(Beginning of THE INPUT)
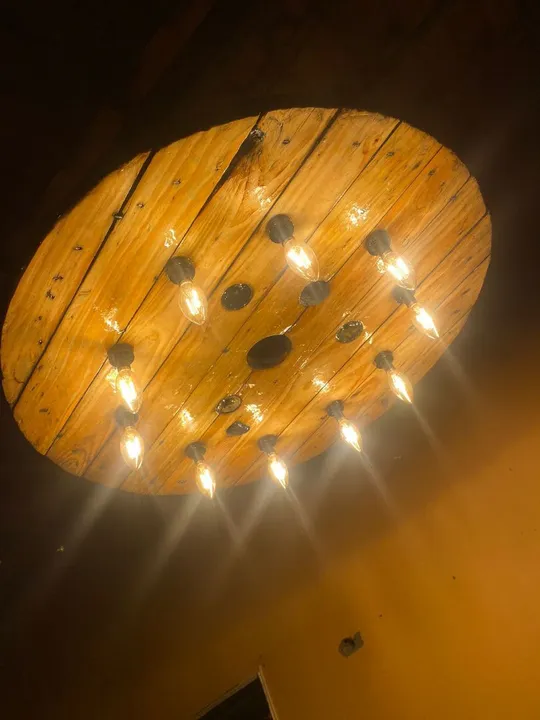 Ideal para seu Comércio Loja Rústico Lustres de Carretéis com lâmpadas de Filamentos 80cm R$500,00 1Metro R$650,00 Chamar no ZAP
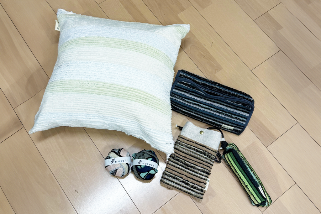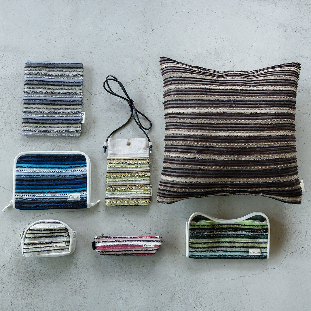 matectは、カーテン製造の過程で生まれる生地の「耳」を活かして生まれたアップサイクルブランドです。本来であれば廃棄されてしまう素材をつなぎ合わせ、新しい価値を持つ製品として生まれ変わらせています。
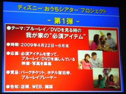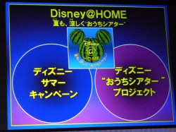 さらに、「Disney @ HOME 夏も、涼しく“おうちシアター”」戦略についても言及。「ディズニー“おうちシアター”プロジェクト」の一環として、ユーザーが家でBD・DVDを楽しんでいる映像や写真を募集し優秀作品に賞品をプレゼントするキャンペーンなどを行うことを発表した。
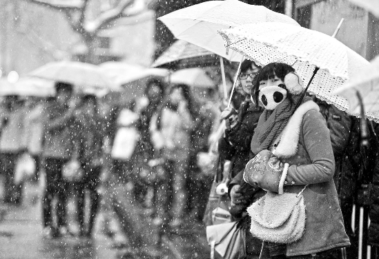 “真不该在下雪天出来购物,力不从心啊。”一手拎着一大袋的东西,一手撑着伞,黄小姐摇摇晃晃地从庆春路联华超市走出来。
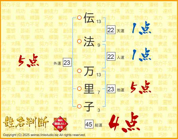 伝(13画)法(9画) 万(13画)里(7画)子(3画)
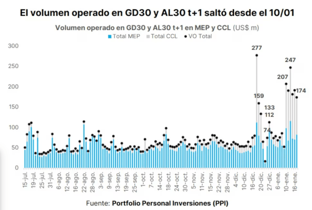El viernes 17, previo a la última rueda de esa semana, el broker Grupo IEB señaló en un informe que, en las últimas ruedas, a juzgar por el volumen operado de (títulos) GD30 y AL30, existió intervención oficial en los dólares financieros, que permitieron que la divisa se mantenga prácticamente flat«, señaló. «Si bien esta estimación puede estar algo distorsionada por la reinversión en los bonos hard-dollar, si medimos los volúmenes de las últimas ruedas contra el promedio previo, podemos estimar que existió una intervención del orden de los 100 millones de dólares diarios«, añadió siempre citando a Grupo IEB.
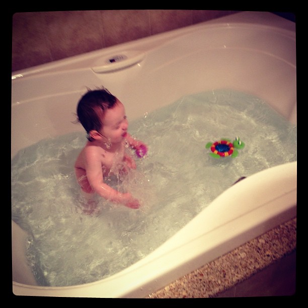 Okay, this thing is awesome. Wyatt is all into the little waterfall it makes when lifted out of the water – he thinks it is so cool! We loved using this in the HUGE tub on vacation (see photo below). He spent about an hour and a half playing in the tub!
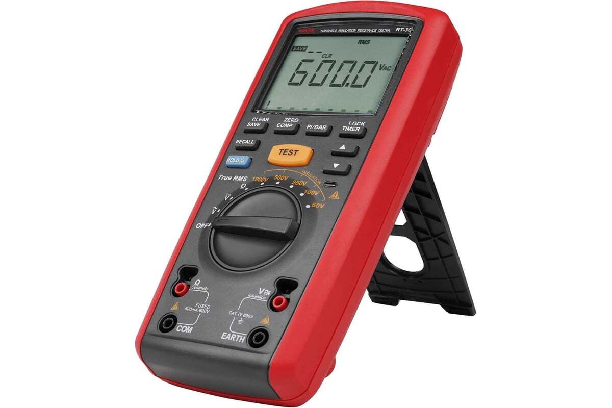 Цифровой мегаомметр RGK RT-30 - прибор для электротехников и специалистов по ремонту, который используется для быстрой оценки состояния изоляции силовых кабелей. Чаще всего устройство применяется для техобслуживания промышленного оборудования (электродвигателей, трансформаторов) и сетей, в сервисных центрах по ремонту электроники и при работе с электрическими системами обогрева пола.
(End of THE INPUT)
> DESCRIPTION OF THE TASK: Copy out each line of the data exactly as it reads; skip the pictures.

> TASK SOLUTION:
 Ideal para seu Comércio Loja Rústico Lustres de Carretéis com lâmpadas de Filamentos 80cm R$500,00 1Metro R$650,00 Chamar no ZAP
 matectは、カーテン製造の過程で生まれる生地の「耳」を活かして生まれたアップサイクルブランドです。本来であれば廃棄されてしまう素材をつなぎ合わせ、新しい価値を持つ製品として生まれ変わらせています。
 さらに、「Disney @ HOME 夏も、涼しく“おうちシアター”」戦略についても言及。「ディズニー“おうちシアター”プロジェクト」の一環として、ユーザーが家でBD・DVDを楽しんでいる映像や写真を募集し優秀作品に賞品をプレゼントするキャンペーンなどを行うことを発表した。
 “真不该在下雪天出来购物,力不从心啊。”一手拎着一大袋的东西,一手撑着伞,黄小姐摇摇晃晃地从庆春路联华超市走出来。
 伝(13画)法(9画) 万(13画)里(7画)子(3画)
El viernes 17, previo a la última rueda de esa semana, el broker Grupo IEB señaló en un informe que, en las últimas ruedas, a juzgar por el volumen operado de (títulos) GD30 y AL30, existió intervención oficial en los dólares financieros, que permitieron que la divisa se mantenga prácticamente flat«, señaló. «Si bien esta estimación puede estar algo distorsionada por la reinversión en los bonos hard-dollar, si medimos los volúmenes de las últimas ruedas contra el promedio previo, podemos estimar que existió una intervención del orden de los 100 millones de dólares diarios«, añadió siempre citando a Grupo IEB.
 Okay, this thing is awesome. Wyatt is all into the little waterfall it makes when lifted out of the water – he thinks it is so cool! We loved using this in the HUGE tub on vacation (see photo below). He spent about an hour and a half playing in the tub!
 Цифровой мегаомметр RGK RT-30 - прибор для электротехников и специалистов по ремонту, который используется для быстрой оценки состояния изоляции силовых кабелей. Чаще всего устройство применяется для техобслуживания промышленного оборудования (электродвигателей, трансформаторов) и сетей, в сервисных центрах по ремонту электроники и при работе с электрическими системами обогрева пола.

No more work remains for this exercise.